Total Iron Ore discharged globally throughout the first nine months of 2022 has exceeded 1,167m MT. While weaker year-over-year, it still places current-year performance above 2018 and 2020 levels so far.
As the trend in the global Iron Ore market is set by China, the largest importer in the world discharged 96.8m MT of cargo in August and 91m MT in September. This represented 4.9% and 2.1% respective year-over-year decreases. Nevertheless, these quantities gave China a 72% market share in August and 73.5% in September, both higher than the average of 71.7% registered in the prior months of 2022. Overall, Chinese imports of Iron Ore in Q3 2022 stand at 286m MT, actually increasing by 1.1% year-over-year.
Japan, the second-largest single importer of Iron Ore, discharged nearly 9.3m MT of commodity at its ports in August for a 5.8% year-over-year decrease. Meanwhile, its import levels in September dropped even further to 6.7m MT, not only registering an 18.3% year-over-year drop, but also marking the lowest single-month quantity over the past two years.
Combined European imports of Iron Ore dropped to 8.3m MT in August and 7.7m MT in September, marking 16.5% and 18.7% year-over-year decreases, respectively. Overall quantities to the Old Continent have totaled just over 74.6m MT of cargo throughout the first nine months of 2022 – that's 6.9% less Iron Ore discharged across European ports compared to last year's levels.
On the supply side, 75.2m MT and 69.3m MT of Iron Ore originating from Australia were unloaded across the globe in August and September, respectively. This translates into 5.9% and 2.3% year-over-year drops for each month for the world's largest exporter, subtracting about 6.3m MT from the market compared to last year's levels. It also meant that Australia's market share contracted to about 55.9% during the past two months, whereas its average stood at 59% since the start of the year. However, strong shipments in July meant that Australian Iron Ore exports in Q3 of this year outpaced 2021 levels by 2.5%, even if it was the weakest quarter so far in 2022.
Brazilian Iron Ore registered its highest discharge levels since the start of the year, with 31.8m MT unloaded in ports across the globe in August. While this meant a 6.5% year-over-year boost, it was offset by September discharges dropping to 28.6m MT for a 7.4% year-over-year decrease. Overall Q3 performance of Brazilian Iron Ore was stronger by 0.9% compared to 2021 levels with over 89.5m MT shipped worldwide.

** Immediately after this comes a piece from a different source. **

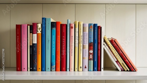 © Ahsan, Fototapeta premium Vibrant Bookshelf with Floral Accents
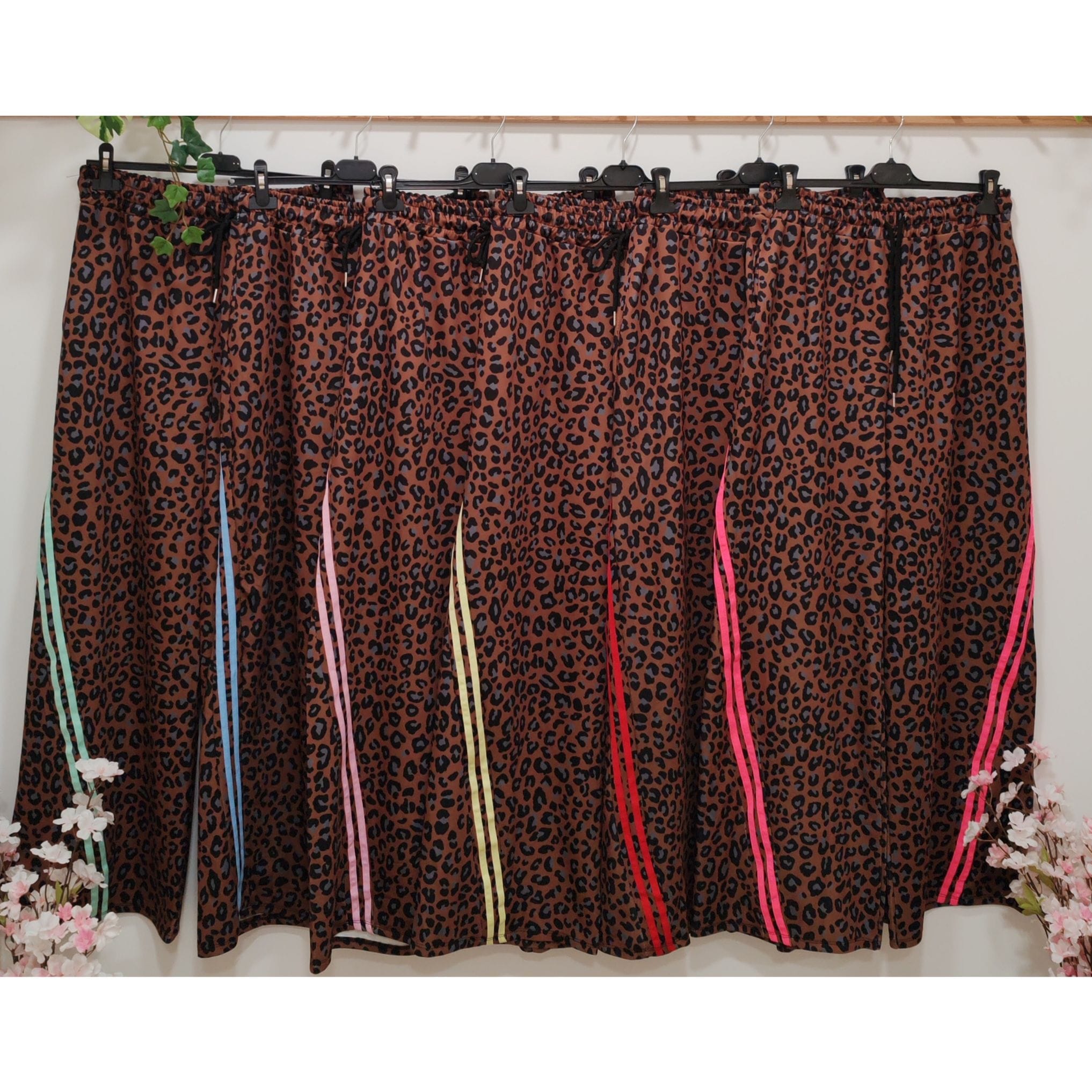Pantalón de estilo casual con estampado animal print en tonos marrón y negro, perfecto para looks cómodos pero con personalidad. Presenta detalle de rayas laterales en colores vibrantes, que aportan un toque moderno y deportivo. Disponible con rayas en verde agua, azul, rosa, amarillo, rojo y fucsia. Cuenta con cintura elástica con cordón ajustable, lo que proporciona mayor comodidad y adaptación al cuerpo.

While Canadian Iron Ore was also imported at a higher pace by 3.2% year-over-year in Q3, the strong quarterly performance by the top global exporters was offset nearly single-handedly by Indian exports dropping by 84.1% compared to 2021 levels. Iron Ore originating from India dried up almost completely, with only 1.1m MT discharged over the past three months, compared to the 7m MT unloaded throughout Q3 2021.

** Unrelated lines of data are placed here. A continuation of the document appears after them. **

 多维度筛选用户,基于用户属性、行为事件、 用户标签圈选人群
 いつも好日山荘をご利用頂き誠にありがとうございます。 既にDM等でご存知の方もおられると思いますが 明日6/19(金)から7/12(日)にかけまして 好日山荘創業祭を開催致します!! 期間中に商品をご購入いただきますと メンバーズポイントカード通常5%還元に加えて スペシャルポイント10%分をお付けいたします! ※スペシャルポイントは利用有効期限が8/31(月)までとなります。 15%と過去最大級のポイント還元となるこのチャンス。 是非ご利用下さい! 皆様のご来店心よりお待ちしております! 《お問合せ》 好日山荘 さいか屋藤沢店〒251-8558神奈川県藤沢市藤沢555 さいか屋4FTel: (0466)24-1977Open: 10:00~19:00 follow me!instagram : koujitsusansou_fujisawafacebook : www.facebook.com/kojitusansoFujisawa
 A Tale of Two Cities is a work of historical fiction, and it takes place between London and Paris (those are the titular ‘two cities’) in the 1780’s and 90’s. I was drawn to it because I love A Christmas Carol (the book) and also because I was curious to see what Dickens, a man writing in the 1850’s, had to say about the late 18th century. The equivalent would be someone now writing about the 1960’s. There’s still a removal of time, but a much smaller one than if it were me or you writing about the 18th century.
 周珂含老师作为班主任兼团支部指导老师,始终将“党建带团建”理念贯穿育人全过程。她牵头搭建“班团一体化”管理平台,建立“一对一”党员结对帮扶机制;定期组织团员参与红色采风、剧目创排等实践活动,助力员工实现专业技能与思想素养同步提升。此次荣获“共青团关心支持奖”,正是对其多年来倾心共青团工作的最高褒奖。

VLOC vessels over 220k MT of deadweight were the only fleet segment to see an improvement in utilization in this market over the past two months. Carrying 33.4m MT of Iron Ore in August and 26.2m MT in September, meant 23.2% and 5.5% year-over-year increases for the largest vessels. VLOCs also saw a record 24.8% market share in the Iron Ore market in August. The overall quantity shipped by the VLOC fleet in Q3 2022 increased by 14.6% year-over-year, and at 87.3m MT marked the second-highest single-quarter level, falling just behind the record set in Q3 2019.

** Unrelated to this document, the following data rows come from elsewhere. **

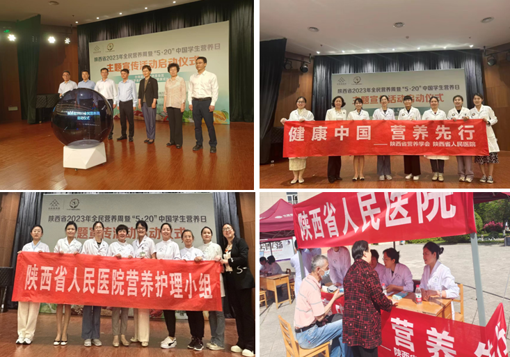 5月14日,陕西省2023全民营养周暨“5.20”中国学生营养日启动仪式在陕西师范大学长安校区盛大举行。主持人宣布陕西营养学会2023年全民营养周科普征文获奖作品及“新零食”创意大赛创意成果,陕西师范大学副校长周正朝致欢迎词,陕西省营养学会专家委员会主任王枫教授解读《成人高脂血症食养指南(2023年版)》《成人高血压食养指南(2023年版)》《成人糖尿病食养指南(2023年版)》《儿童青少年生长迟缓食养指南(2023年版)》,陕西省营养学会理事长张瑞娟、陕西省卫生健康委员会副主任余立平分别讲话。最后各位领导启动3D全息投影启动球,宣布陕西省2023全民营养周正式启动。黑料网临床营养科及营养护理小组有关人员参加了启动仪式并积极开展义诊活动。
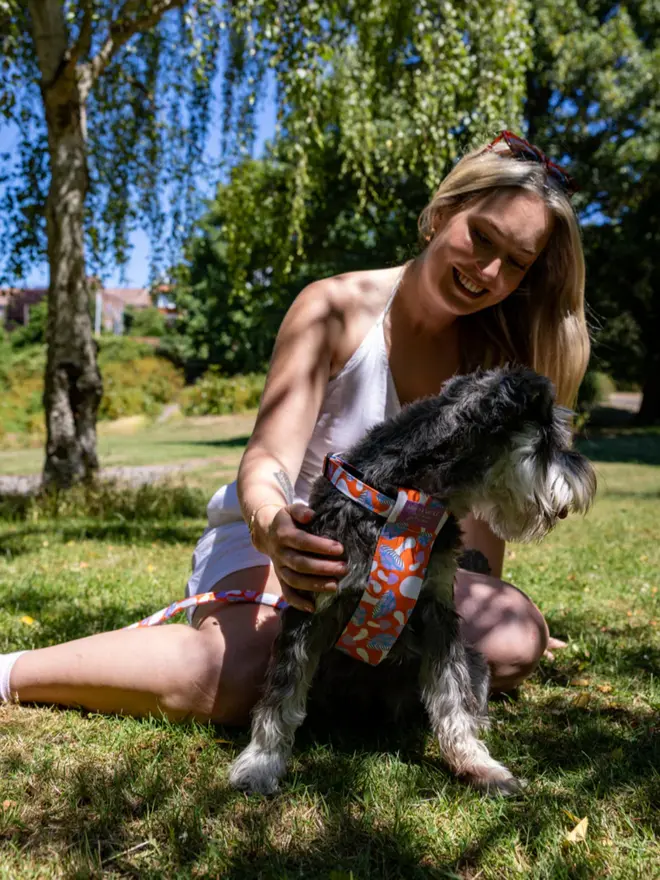 Introducing our Magical Mushrooms deluxe dog harness! This step-in dog harness is fully adjustable for the perfect fit. Designer dog harnesses don’t have to be plain. Our iconic fabric is bound to bring attention to your furry best friend. The easy to cle...
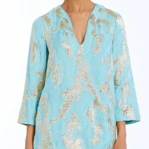 Caftan-style mini dress crafted in a metallic jacquard fabric
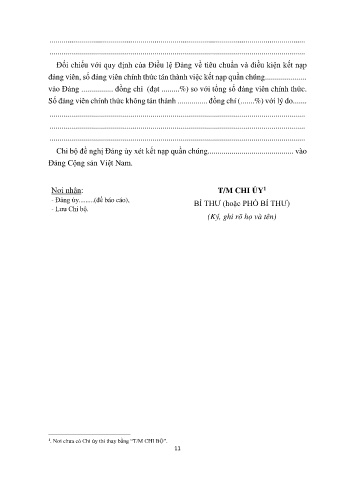 1 . Nơi chưa có Chi ủy thi thay bằng “T/M CHI BỘ”.
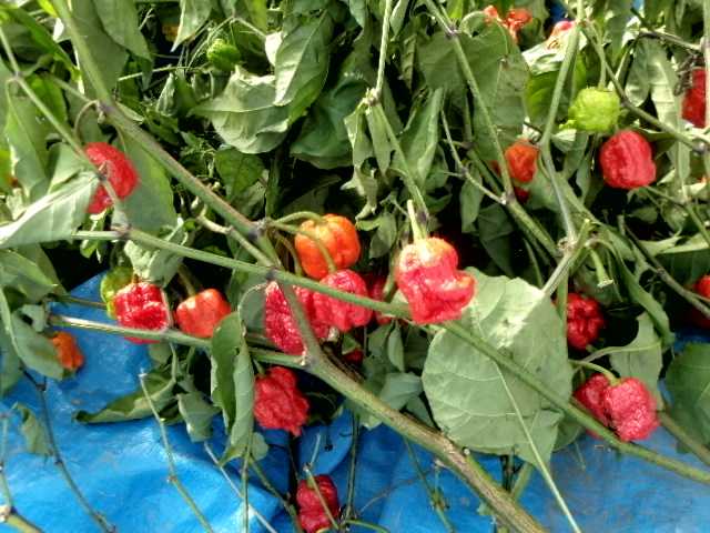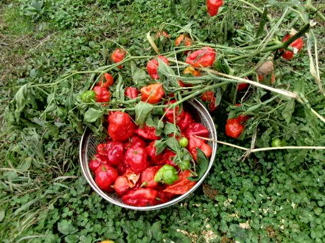 嗚呼、ピーマン採って置いてって言うの忘れてた!配達に出てから気が付いた 家に帰ってから自分で採ろう 家に帰ると玄関の前にピーマンが置いてあった オオ?以心伝心だわ…と ボールに個程入れ料理に取り掛かる トマト料理だから赤いピーマンよりやっぱり緑の通常のピーマンが良い 洗って半分に切り種を取り…玄関にはもう一つ大きな笊にキュウリ!最後のキュウリを収穫したらしい これも一緒に洗ってパンパンパンと大雑把に切って行く ポンと切れ端を口に投げ込む 何かいつもと違うな… と思いつつもパッパと料理を続ける キュウリの後は洗ったピーマンをザクザク切り… 横に作業を終えてを洗う家族「ん?ん?ん?それもしかして外に置いといた奴?」「そうだよ!」「ええええ~~!?」「何?」「大丈夫?」「何が?」「それブートジョロキア!」「何それ?」「ハバネロの10倍の辛さの唐辛子!死ぬよ!」「エエエエ~~!?」そう言えばさっき口に入れたキュウリがやけに辛かった様な!手が急にヒリヒリし始めた!さっき口に入れた時に多分触れた唇がヒリヒリし始めた!エエエエ~~!まさかのジョロキア!?でも、今、知ったから良かった!食べてからじゃ遅かった!と~ちゃんと2人ニュースになる所だった…それにしても触ったんだろうな…鼻もホッペも顔中ヒリヒリ…!目擦らなかったから良かった… それにしてもピーマンそっくりじゃない?絶対そばに置いておかないでね 死なずに済んだ キノコも沢山出ていますが食べません 生きている事に感謝してこれからも生きていきましょう 変な蝶!まるで悪魔!ハロウィン間近

Meanwhile, the most commonly used vessels in the Iron Ore market – Capesizes between 100k and 220k MT of deadweight – saw their market share drop to 66% in August and 69.4% in September against an average of 70.1% in the prior months since the start of 2022. Overall, Capes transported just under 270m MT of Iron Ore in Q3, registering a 1.8% drop year-over-year throughout the past three months.